Oleh: Jufri
Pemerhati Sosial dan Politik
Musyawarah Daerah X Majelis Ulama Indonesia (MUI) Sumatera Utara periode 2025–2030 akhirnya menetapkan kembali susunan kepemimpinan organisasi keulamaan terbesar di daerah ini. Seperti lazimnya sebuah forum musyawarah besar, ia tidak hanya melahirkan keputusan, tetapi juga menyisakan cerita, tafsir, dan pertanyaan-pertanyaan yang patut direnungkan bersama.
Ketua Dewan Pertimbangan dipercayakan kepada Prof. Dr. H. Agussani, M.AP, sosok akademisi yang relatif diterima lintas ormas dan generasi. Dewan ini diperkuat oleh nama-nama tokoh penting, mulai dari Muhammad Bobby Afif Nasution, H. Surya, H. Musa Rajekshah, hingga sejumlah ulama dan akademisi senior lainnya. Secara struktur, Dewan Pertimbangan merepresentasikan wajah relasi antara ulama, tokoh umat, dan kekuasaan lokal—relasi yang selalu sensitif namun tak terelakkan.
Pada kepengurusan harian, Dr. H. Maratua Simanjuntak kembali dipercaya sebagai Ketua Umum. Terpilihnya kembali beliau menjadi catatan tersendiri. Dalam dinamika Musda, sempat mengemuka pernyataan bahwa beliau tidak bersedia lagi untuk dicalonkan pada periode berikutnya. Namun pada akhirnya, sejarah organisasi sering berjalan dengan cara yang ironis: mereka yang ingin rehat justru kembali dipanggil oleh amanah.
Fenomena ini bukan sekadar soal figur, melainkan soal ketergantungan organisasi pada kontinuitas tokoh, sekaligus cermin bahwa regenerasi di tubuh lembaga keumatan sering kali berjalan lebih lambat dari harapan.
Posisi Sekretaris Umum diemban oleh Prof. Dr. H. Ardiansyah, Lc., MA, dengan Drs. H. Sotar Nasution, MHB sebagai Bendahara Umum. Struktur ini diperkuat oleh para wakil ketua umum, wakil bendahara, serta jajaran bidang yang cukup lengkap, dari Fatwa, Dakwah, Pendidikan, hingga Digitalisasi dan Halal.
Baca juga:
Di tengah dinamika tersebut, ketidakhadiran Gubernur Sumatera Utara, Bobby Nasution, dalam berbagai rangkaian kegiatan MUI ,termasuk di Musda ini menjadi isu yang cukup ramai dibicarakan. Pemerintah Sumatera Utara mengutus Wakil Gubernur H.Surya ,Bsc untuk memberikan arahan dan membuka acara.

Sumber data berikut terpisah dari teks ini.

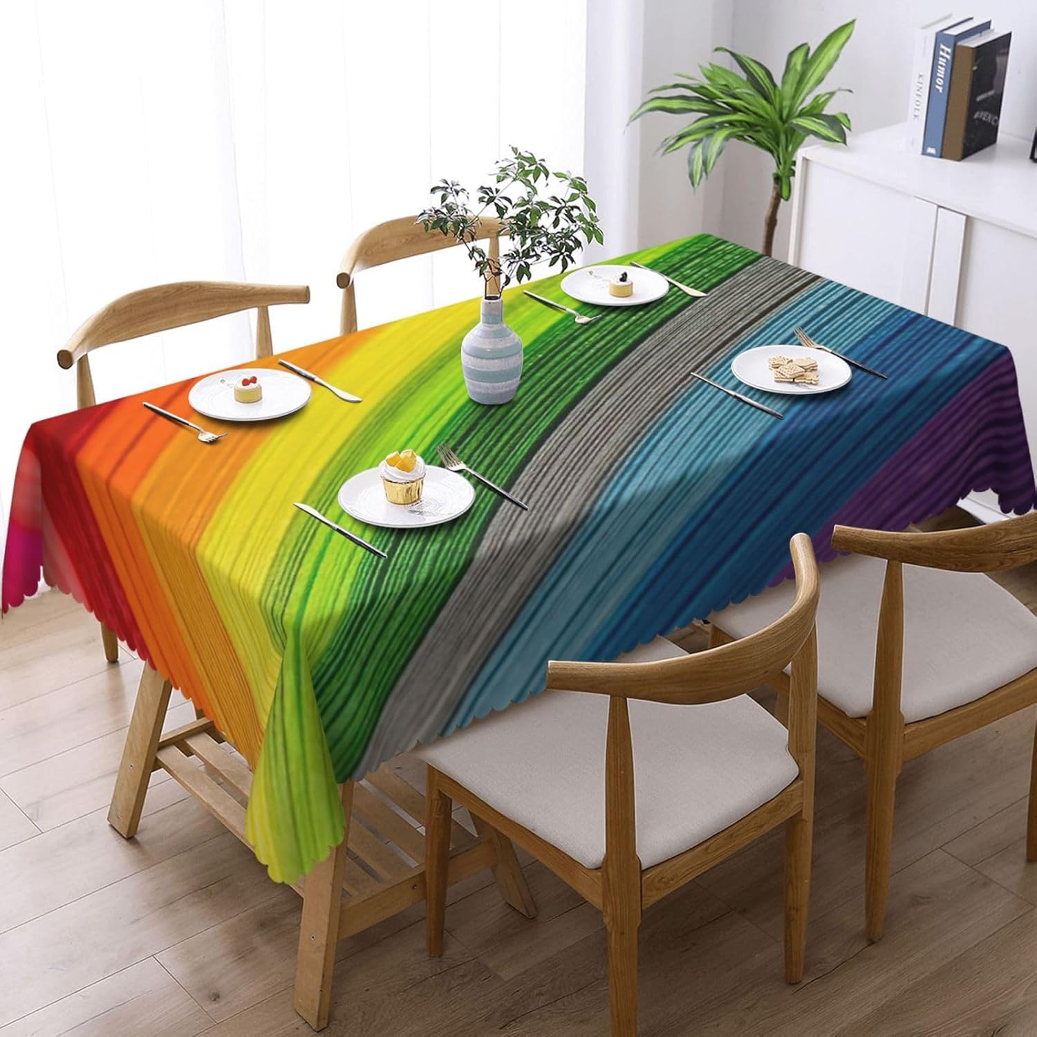 Questa tovaglia rettangolare con stampa a strisce color arcobaleno misura 137x183 cm Tovaglia con stampa a strisce color arcobaleno, realizzata in materiale poliestere, calda e morbida, buona resistenza alle pieghe, può essere lavata e riutilizzata, protegge dalla polvere e protegge da ammaccature, scheggiature e graffi. Tovaglia con stampa a righe color arcobaleno, può essere utilizzata sia all'interno che all'esterno, ideale per feste, matrimoni, campeggio, patio, compleanno in famiglia, buffet, barbecue, tavoli da cucina, ecc. Tovaglia quadrata con stampa a righe color arcobaleno, bordo in pizzo semicircolare, Attenzione: non candeggiare, non esporre alla luce solare, sono accettabili sia il lavaggio a mano che in lavatrice a temperatura ambiente e la stiratura a bassa temperatura. Se avete problemi o domande, contattateci, vi aiuteremo a rispondere entro 24 ore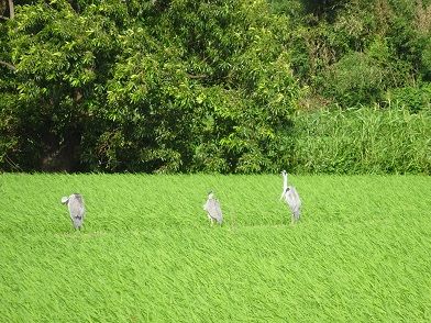 空には夏の雲が浮かび、稲の丈も伸びてきた水田には所々で羽を休める鳥たちの姿が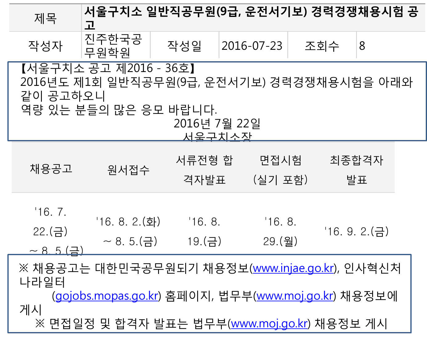 ¼¿ï±¸Ä¡¼Ò ÀϹÝÁ÷°ø¹«¿ø °æ·Â°æÀïä¿ë½ÃÇè°ø°í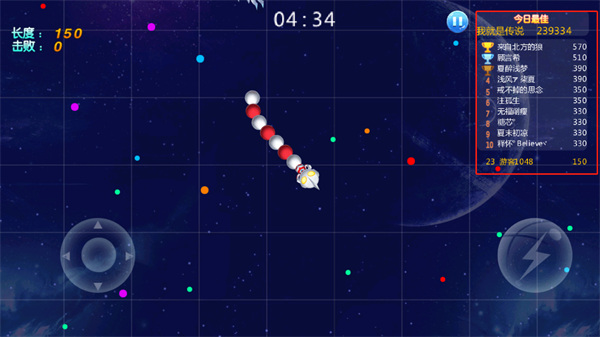 3、进入游戏后,玩家可以在左上方看到角色的长度和击败敌人数量。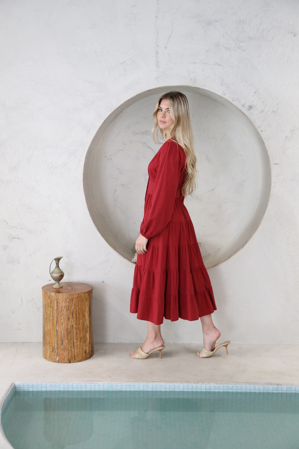 Introducing the Nesta Red Maxi Dress - the perfect blend of comfort and style! Made with 70% Viscose and 30% Linen, it features a flattering v-neckline, elegant long bishop sleeves, and a flowy tiered skirt. The centre-front buttons add a touch of sophistication to this versatile dress. Elevate your wardrobe with Nesta!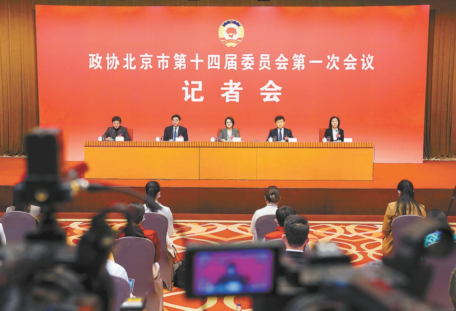 昨天,市政协十四届一次会议举行记者会。李岩、许槟、吴晨、钱嘉宏四位委员围绕“贯彻落实中共二十大精神,为深入推进首都城市更新、打造宜居环境献计出力”主题建言献策,并回答记者提问。图为记者会现场(方非/摄)

Spekulasi beredar sebagaimana biasanya: soal relasi, jarak, bahkan tafsir politik. Namun para formatur secara tegas menyatakan tidak ada pesan, arahan, apalagi penekanan dari pihak mana pun dalam proses pemilihan pimpinan.
Pernyataan ini penting, bukan hanya untuk menjawab isu jangka pendek, tetapi untuk menegaskan posisi MUI sebagai lembaga keulamaan yang berusaha menjaga otonomi moralnya, meski hidup dan bergerak di ruang yang tak pernah steril dari kepentingan kekuasaan.
Struktur kepengurusan MUI Sumut 2025–2030 yang kini terbentuk mencerminkan dua hal sekaligus: pertama, kekuatan representasi, karena melibatkan banyak tokoh, ormas, dan keahlian; kedua, tantangan konsistensi, karena semakin besar struktur, semakin berat pula menjaga keberanian bersikap.
Periode lima tahun ke depan akan menjadi ujian penting: apakah MUI Sumut mampu tetap menjadi penjaga nurani publik, bukan sekadar pelengkap seremoni kekuasaan; apakah fatwa, dakwah, dan sikap keumatan tetap berpijak pada kepentingan umat, bukan kenyamanan elite; dan apakah struktur yang megah ini benar-benar bekerja untuk umat, bukan hanya rapi di atas kertas.
Musyawarah telah selesai. Nama-nama telah disepakati. Kini yang ditunggu bukan lagi susunan jabatan, melainkan keberanian moral dalam menjalankan amanah.
Karena pada akhirnya, ulama bukan dinilai dari dekatnya dengan kekuasaan, tetapi dari jaraknya terhadap ketidakadilan.